* Your instructions *
Give back each entry unchanged, minus pictures.

* Supplied records *
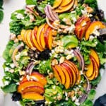 This salad is best served immediately after it’s dressed, so wait to add dressing until you’re ready to serve (see storage). Add mixed greens to a large bowl. Drizzle with a few tablespoons of the dressing and toss to coat. Add red onion, peaches, avocados, candied almonds, and cheese.
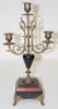 T & S, black metal dial with incised gold Roman numerals; brass movement marked A. Requier, Amiens, L. Marti & Cie Medaille de Bronze; matching pair of 3 candle candelabras. (No pendulum or key.) 15 1/2"
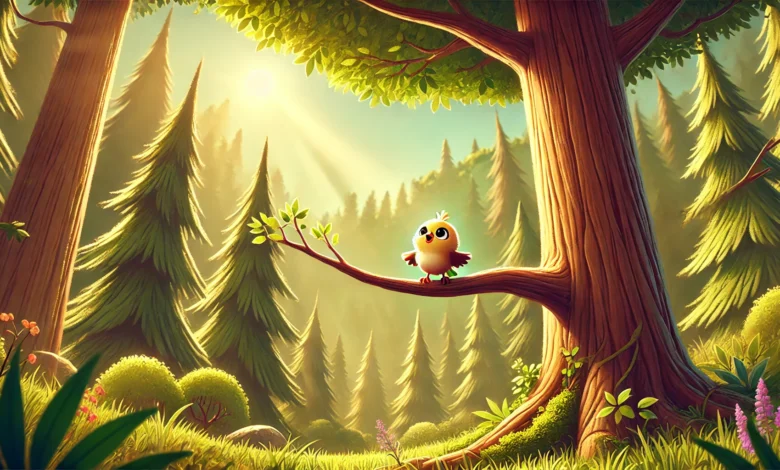 Bir sabah, Pırıltı büyük ağacın altındaki çimenlere uçtu ve büyük ağacın yaşlı gövdesine tünedi. “Ben de büyüyüp güçlenecek miyim, büyük ağaç?” diye sordu. Ağaç, yavaşça rüzgarın sesiyle yanıt verdi: “Büyümek vakit alır, minik kuşum. Lakin sabırla ve sevgiyle büyürsen, sen de çok güçlü olacaksın.”
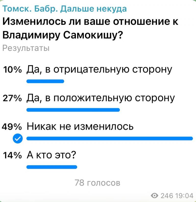 Очень жаль, что весьма продуктивный депутат своим поведением перечеркнул всё то хорошее, что сделал. В 2026 году ему вряд ли удастся переизбраться в Госдуму. Хотя кто знает… В тг-канале «Томск. Бабр. Дальше некуда» (@vtomsk24) мы провели опрос «Изменилось ли ваше отношение к Владимиру Самокишу?». В нём приняли участие 78 человек. 49% реципиентов выбрали ответ «Никак не изменилось», а 27% – «Да, в положительную сторону».
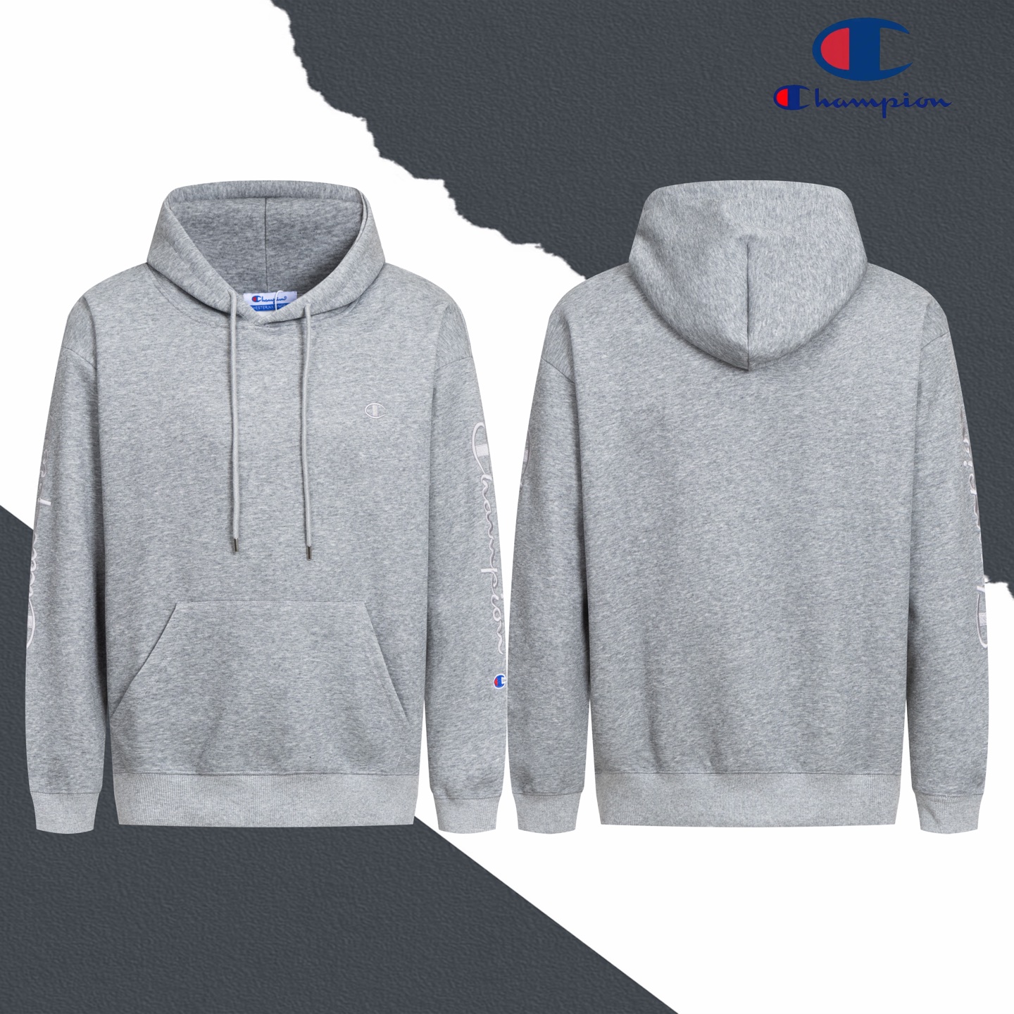 款号 SL367 Champion冠军小标手臂刺绣标识连帽卫衣 面料采用420空气层高克重双股双纱针织面料洗一辈子都不会变形的 男女同款 官网细节一致 全套包装 三标齐全 防潮纸 区别市场通货 随意对比 OS版型 最大可穿200斤上身舒服有型 颜色 灰 尺码 S XL
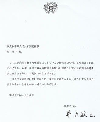 兵庫縣知事井戶敏三在慰問電中說:“獲悉貴國發(fā)生了不幸的地震導(dǎo)致很多人民犧牲,作為有經(jīng)歷過阪神淡路大震災(zāi)的地區(qū)兵庫縣,我們對受災(zāi)者表示由衷的哀悼和深刻的慰問。我們祈禱災(zāi)區(qū)早日恢復(fù)正常,從心里祝愿地震受害者早日康復(fù)!

* Answer to this task *
 This salad is best served immediately after it’s dressed, so wait to add dressing until you’re ready to serve (see storage). Add mixed greens to a large bowl. Drizzle with a few tablespoons of the dressing and toss to coat. Add red onion, peaches, avocados, candied almonds, and cheese.
 T & S, black metal dial with incised gold Roman numerals; brass movement marked A. Requier, Amiens, L. Marti & Cie Medaille de Bronze; matching pair of 3 candle candelabras. (No pendulum or key.) 15 1/2"
 Bir sabah, Pırıltı büyük ağacın altındaki çimenlere uçtu ve büyük ağacın yaşlı gövdesine tünedi. “Ben de büyüyüp güçlenecek miyim, büyük ağaç?” diye sordu. Ağaç, yavaşça rüzgarın sesiyle yanıt verdi: “Büyümek vakit alır, minik kuşum. Lakin sabırla ve sevgiyle büyürsen, sen de çok güçlü olacaksın.”
 Очень жаль, что весьма продуктивный депутат своим поведением перечеркнул всё то хорошее, что сделал. В 2026 году ему вряд ли удастся переизбраться в Госдуму. Хотя кто знает… В тг-канале «Томск. Бабр. Дальше некуда» (@vtomsk24) мы провели опрос «Изменилось ли ваше отношение к Владимиру Самокишу?». В нём приняли участие 78 человек. 49% реципиентов выбрали ответ «Никак не изменилось», а 27% – «Да, в положительную сторону».
 款号 SL367 Champion冠军小标手臂刺绣标识连帽卫衣 面料采用420空气层高克重双股双纱针织面料洗一辈子都不会变形的 男女同款 官网细节一致 全套包装 三标齐全 防潮纸 区别市场通货 随意对比 OS版型 最大可穿200斤上身舒服有型 颜色 灰 尺码 S XL
 兵庫縣知事井戶敏三在慰問電中說:“獲悉貴國發(fā)生了不幸的地震導(dǎo)致很多人民犧牲,作為有經(jīng)歷過阪神淡路大震災(zāi)的地區(qū)兵庫縣,我們對受災(zāi)者表示由衷的哀悼和深刻的慰問。我們祈禱災(zāi)區(qū)早日恢復(fù)正常,從心里祝愿地震受害者早日康復(fù)!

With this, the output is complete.